#### [Exercise details]
Nothing is needed except the lines below that run from the one with "기둥의 폭이 크고 천장이" through the one with "圖為尼眾辯經(jīng)現(xiàn)場(chǎng)", repeated exactly.

#### [Provided records]
###
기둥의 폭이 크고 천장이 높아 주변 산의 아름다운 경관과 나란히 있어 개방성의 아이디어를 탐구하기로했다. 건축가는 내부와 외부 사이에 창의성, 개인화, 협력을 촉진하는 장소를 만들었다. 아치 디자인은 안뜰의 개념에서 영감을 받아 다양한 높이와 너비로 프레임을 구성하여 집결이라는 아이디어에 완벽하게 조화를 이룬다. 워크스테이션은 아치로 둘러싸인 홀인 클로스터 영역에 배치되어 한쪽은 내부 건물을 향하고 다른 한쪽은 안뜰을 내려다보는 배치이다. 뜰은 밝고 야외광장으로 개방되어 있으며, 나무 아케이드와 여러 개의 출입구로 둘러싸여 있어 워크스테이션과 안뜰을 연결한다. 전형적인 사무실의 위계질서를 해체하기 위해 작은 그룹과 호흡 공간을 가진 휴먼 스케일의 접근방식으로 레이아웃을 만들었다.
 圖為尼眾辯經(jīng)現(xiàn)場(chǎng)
###
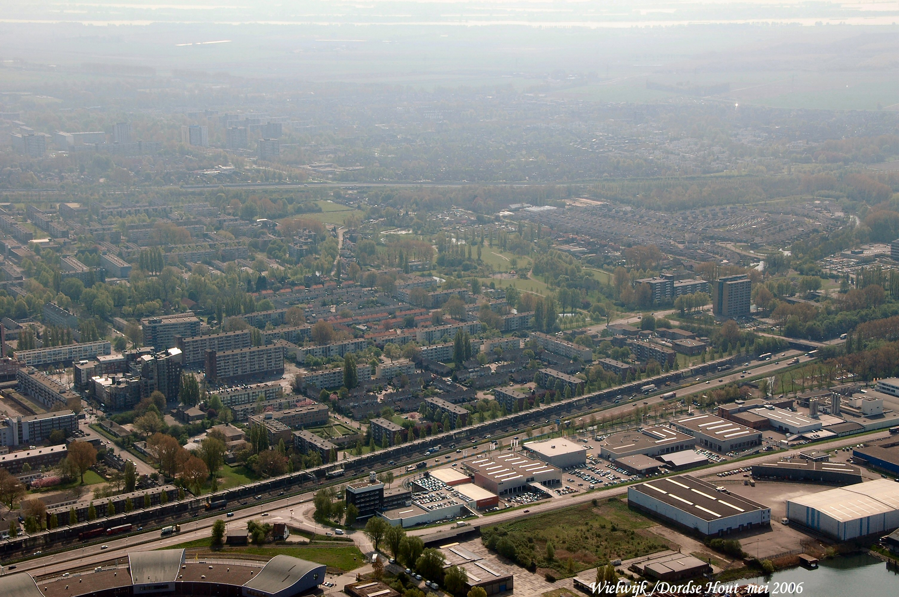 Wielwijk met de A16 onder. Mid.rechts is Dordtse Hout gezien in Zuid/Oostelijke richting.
###
#### [Written response]
기둥의 폭이 크고 천장이 높아 주변 산의 아름다운 경관과 나란히 있어 개방성의 아이디어를 탐구하기로했다. 건축가는 내부와 외부 사이에 창의성, 개인화, 협력을 촉진하는 장소를 만들었다. 아치 디자인은 안뜰의 개념에서 영감을 받아 다양한 높이와 너비로 프레임을 구성하여 집결이라는 아이디어에 완벽하게 조화를 이룬다. 워크스테이션은 아치로 둘러싸인 홀인 클로스터 영역에 배치되어 한쪽은 내부 건물을 향하고 다른 한쪽은 안뜰을 내려다보는 배치이다. 뜰은 밝고 야외광장으로 개방되어 있으며, 나무 아케이드와 여러 개의 출입구로 둘러싸여 있어 워크스테이션과 안뜰을 연결한다. 전형적인 사무실의 위계질서를 해체하기 위해 작은 그룹과 호흡 공간을 가진 휴먼 스케일의 접근방식으로 레이아웃을 만들었다.
 圖為尼眾辯經(jīng)現(xiàn)場(chǎng)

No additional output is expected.